J’ai gardé le plus drôle pour la fin. J’avoue que le sens caché, là, dépasse mes capacités de décodage. Ian Lafrenière a été désigné ministre de la quadrature du cercle. Je m’explique. Responsable des relations avec les Autochtones, il devait dénouer avec tact et souplesse des conflits souvent inextricables entre Autochtones et Blancs, et parfois entre Autochtones. Une barricade est si vite érigée, comme en ce moment par les Attikameks près de La Tuque. Ils sont en rogne — comme tout le monde, y compris l’industrie — contre la réforme forestière caquiste.

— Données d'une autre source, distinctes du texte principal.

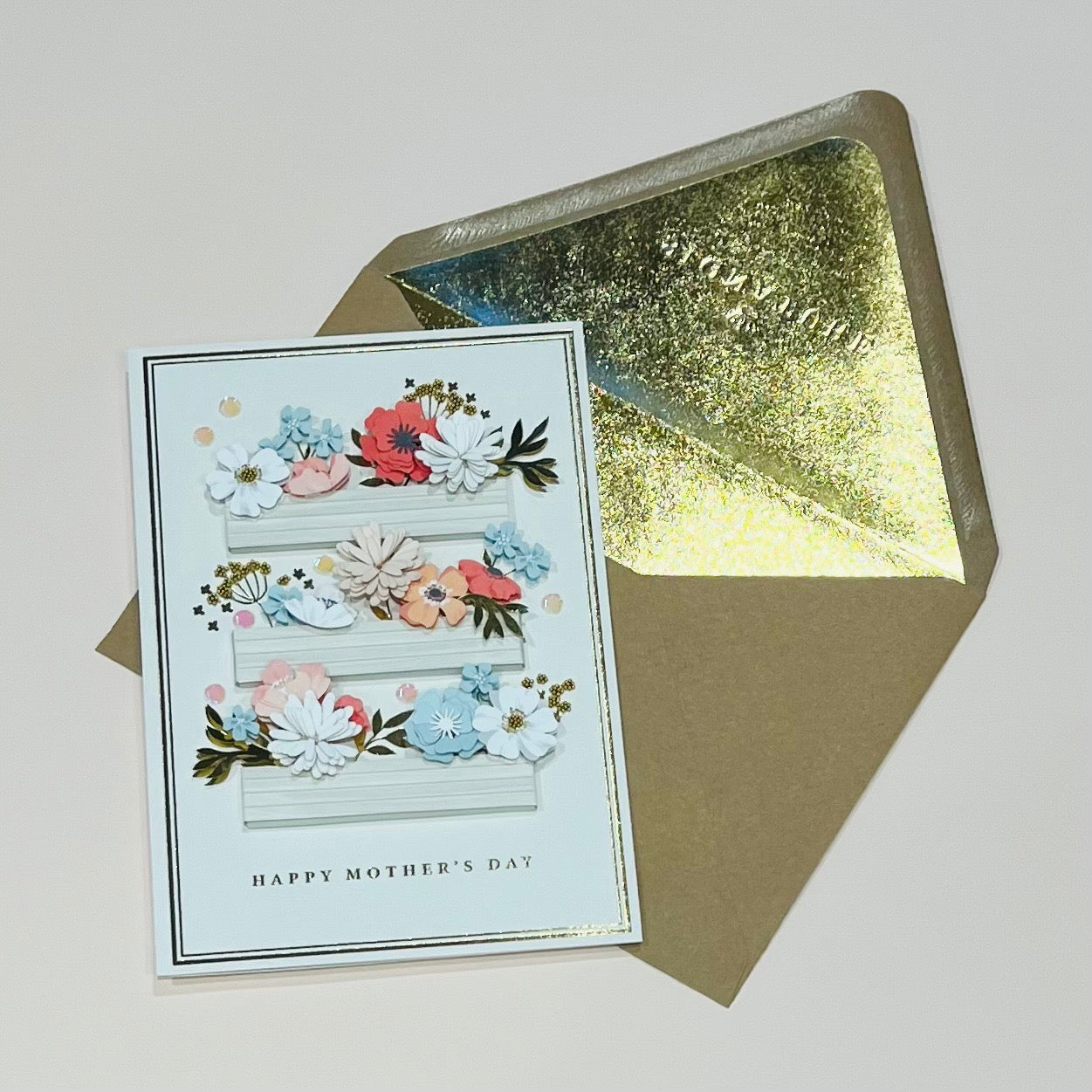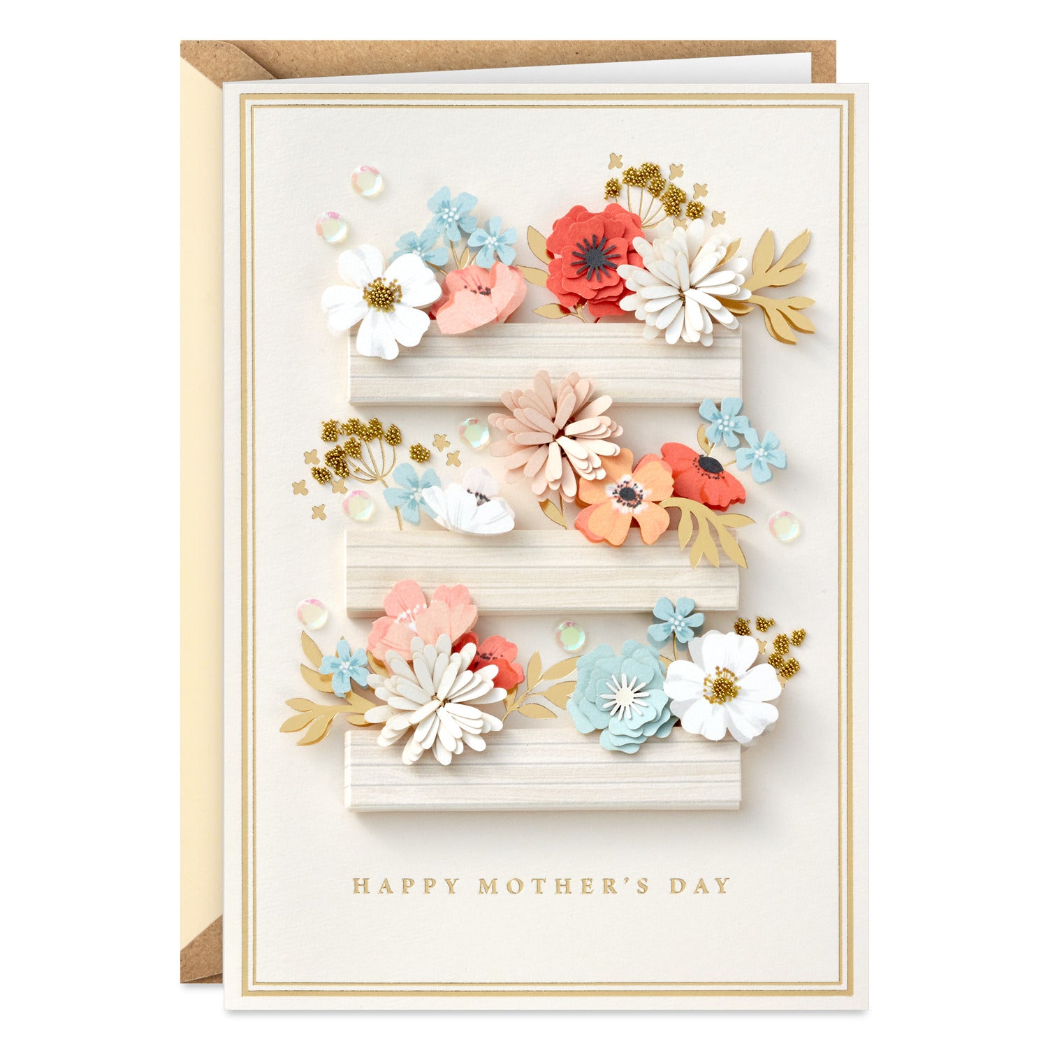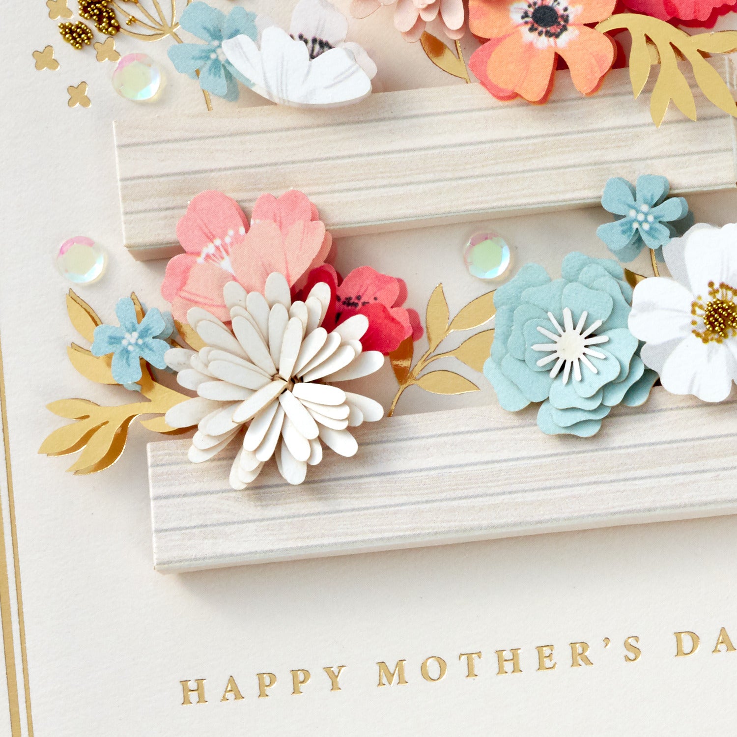 3Dのフラワーボックス、ビーズ、きらめくスパンコールがあしらわれた美しいホールマーク・シグネチャーの母の日カードで、母の日のお祝いを伝えましょう。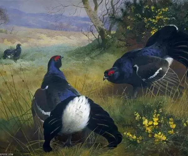 松鸡(学名:Tetrao urogallus):是走禽,共有12个亚种。雄鸟体长87-125厘米,体重3600-5050克;雌鸟体长74-90厘米,体重为1350-2000克。体结实,喙短,呈圆锥形,适于啄食植物种子;翼短圆,不善飞;脚强健,具锐爪,善于行走和掘地寻食;鼻孔和脚均有被羽,以适应严寒。雄性羽色鲜艳,具大的肉冠和美丽的羽毛;跗蹠后缘具距。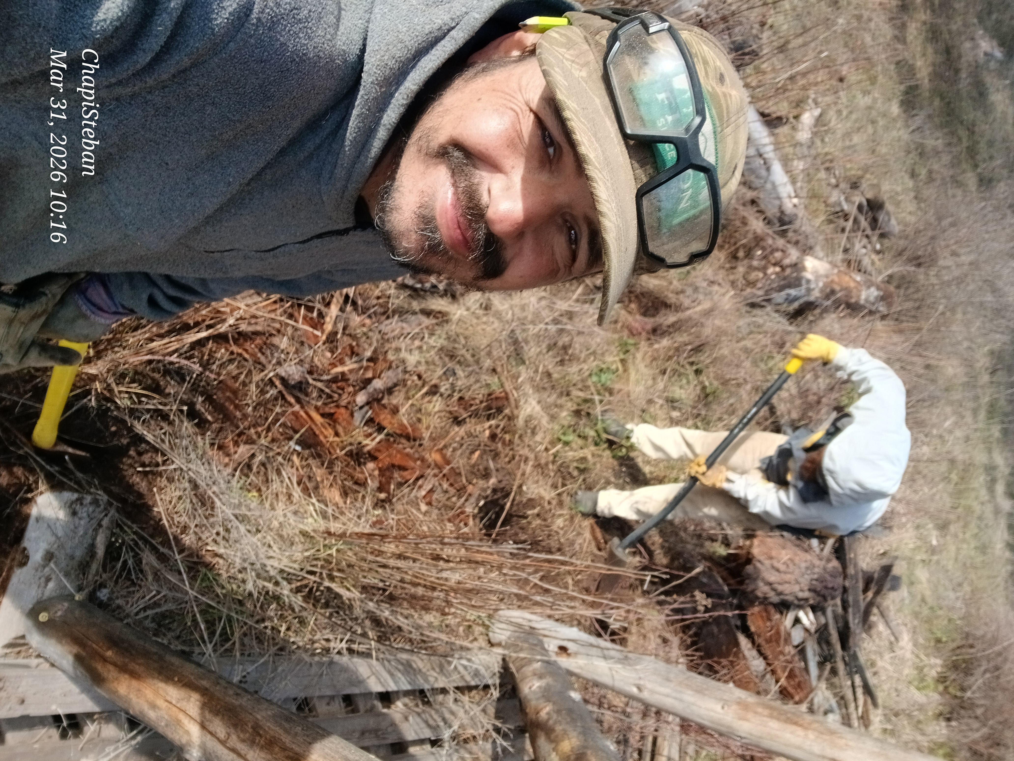 After wrapping things up there, we headed back to basecamp. While Stephen was in a meeting with Paul, the three of us—Seth, Melissa, and I—kept the momentum going by processing the woody bits we had hauled back from the Cooper Cabin woodshed. It felt good turning a messy pile into something more useful and orderly.

Jusqu’à mercredi matin, lorsque le ton montait entre militants et policiers, la tâche de Lafrenière consistait à hisser le drapeau blanc et à passer le calumet de paix. Depuis mercredi après-midi, il est désormais, en plus, ministre de la police. Donc au prochain affrontement, il aura toujours le drapeau et le calumet, mais également un sifflet pour signifier aux forces policières de foncer. J’espère qu’il y aura des caméras.